Went through the Scale AI data engineer interview loop recently. Posting this because the info out there is sparse and mostly about ML/SWE roles.
For context: I came in as a senior DE candidate, 7 years experience, mostly Spark, Airflow, and Redshift/BigQuery in fintech. The loop had four rounds, all technical.
SQL round. This was heavier than I expected. They didn't just want selects and group bys. The scenario was modeled around time-series annotation data: given a table of task completions with timestamps and worker IDs, write queries to identify throughput drops by hour, and flag workers whose error rate spikes in the last week relative to their historical baseline. The historical baseline part required a self-join with a subquery or a CTE. We went with CTE because it was readable. Then they asked how I'd optimize this query if the table had 500M rows. Partitioning by date, clustering by worker_id, materialized views for the baseline calculation. Standard answers, but they pushed on the tradeoffs.

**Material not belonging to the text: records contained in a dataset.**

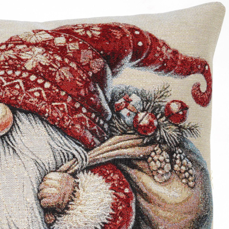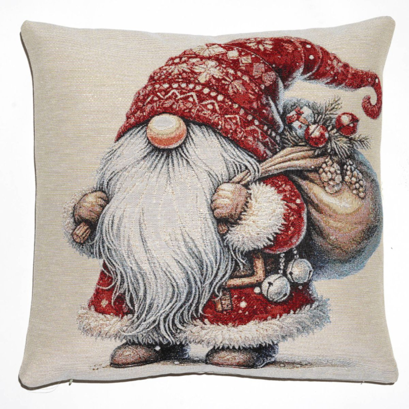 Piękna dekoracyjna poszewka Gobelin Skrzat z workiem 45x45 na poduszkę elegancko ozdobi Twoje wnętrze. Zasuwana na zamek błyskawiczny. Poszewka dwustronna z błyszczącą nicią.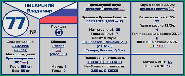 Владимир Писарский (некогда главное открытие российской Премьер-Лиги сезона 2022/23 к своим феноменальным 14 голам за «Оренбург» в первой части того сезона пока что смог добавить только лишь 3 забитых гола за два года в Самаре, но в клубе надеются, что Владимир все же наберет форму и будет забивать все же чаще).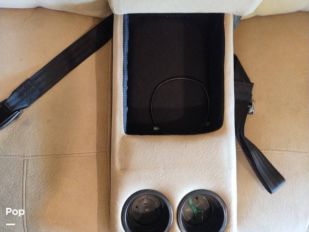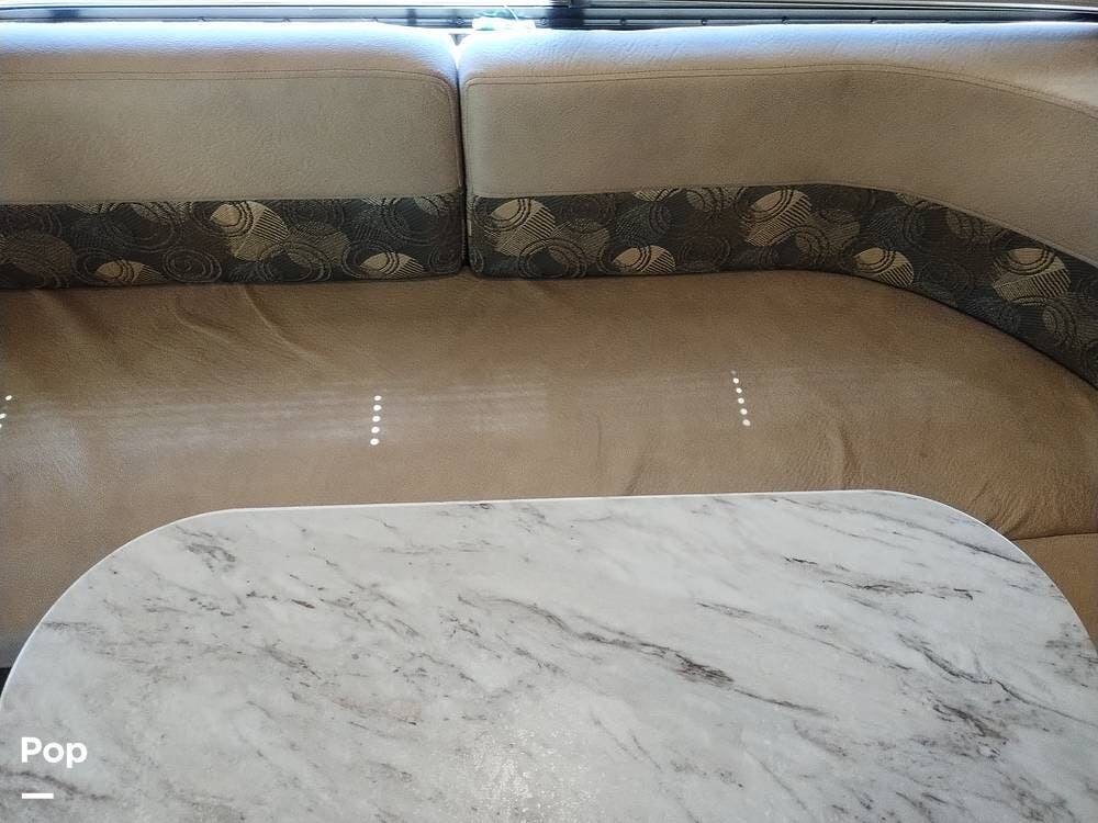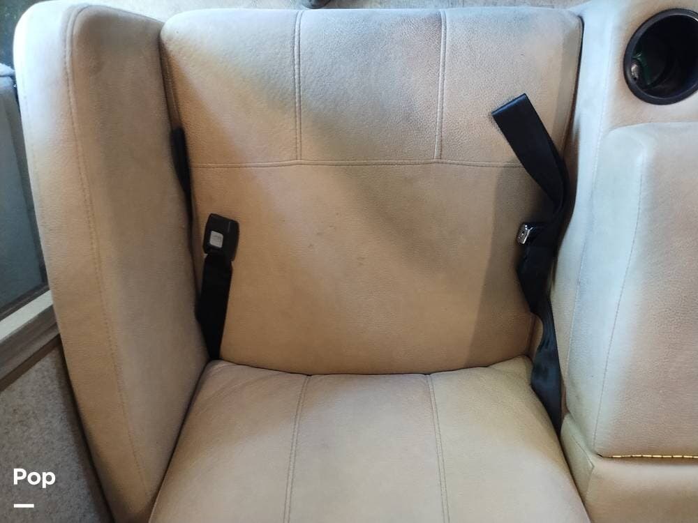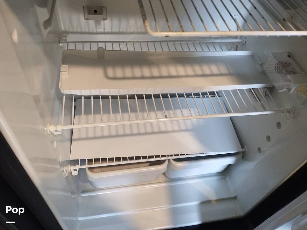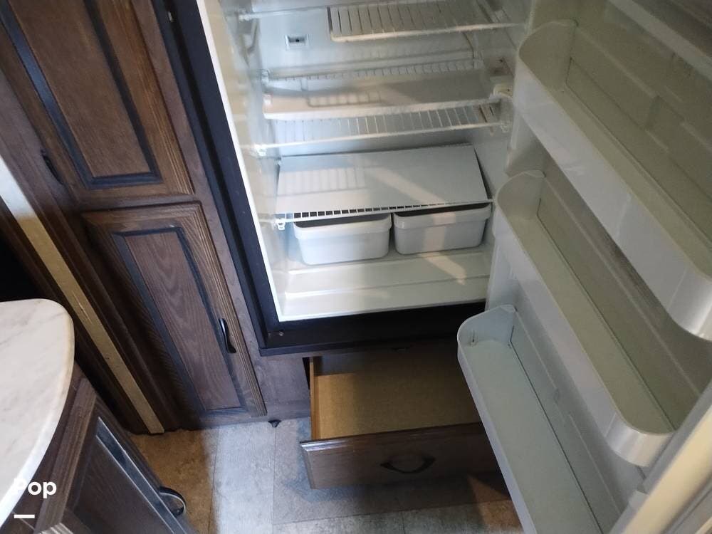 The driver and passenger seats, which swivel rearward, expand the eating area. The full kitchen follows on the entry side, featuring a large SS sink, a two-door refrigerator, a three-burner stove and oven, and an over-the-range microwave with an exhaust fan and light. The seller appreciates the full suspension drawer pantry.

Pipeline design round. This was the most realistic round. The question: design a pipeline that ingests annotation events from multiple task types, standardizes them into a canonical schema, and routes them to downstream quality checks and billing systems. I talked through Kafka for the event bus, a schema registry to handle schema evolution across task types, Spark Streaming or Flink for the transformation layer, and a write path that lands into both a Delta Lake table (for analytics) and a Postgres sink (for billing). They asked specifically about late-arriving events and how I'd handle deduplication. I talked through watermarks and idempotent writes. Good discussion.
Coding round. A Python problem. Write a function that takes a list of annotation events and returns aggregated quality metrics. Nothing exotic. Mostly about clean code and edge case handling. Watch out for None values in the input. They cared that I handled those gracefully.
Behavioral round. One hiring manager behavioral session. Standard questions but probing: tell me about a pipeline that broke in production, what you'd do differently. They were listening for ownership and postmortem thinking, not just 'we fixed it.'
Loop took about 3 weeks from first screen to offer. Base offer came in around $185k for the senior DE level in SF. I pushed back once, got another $10k on base, RSU grant didn't move. Worth trying.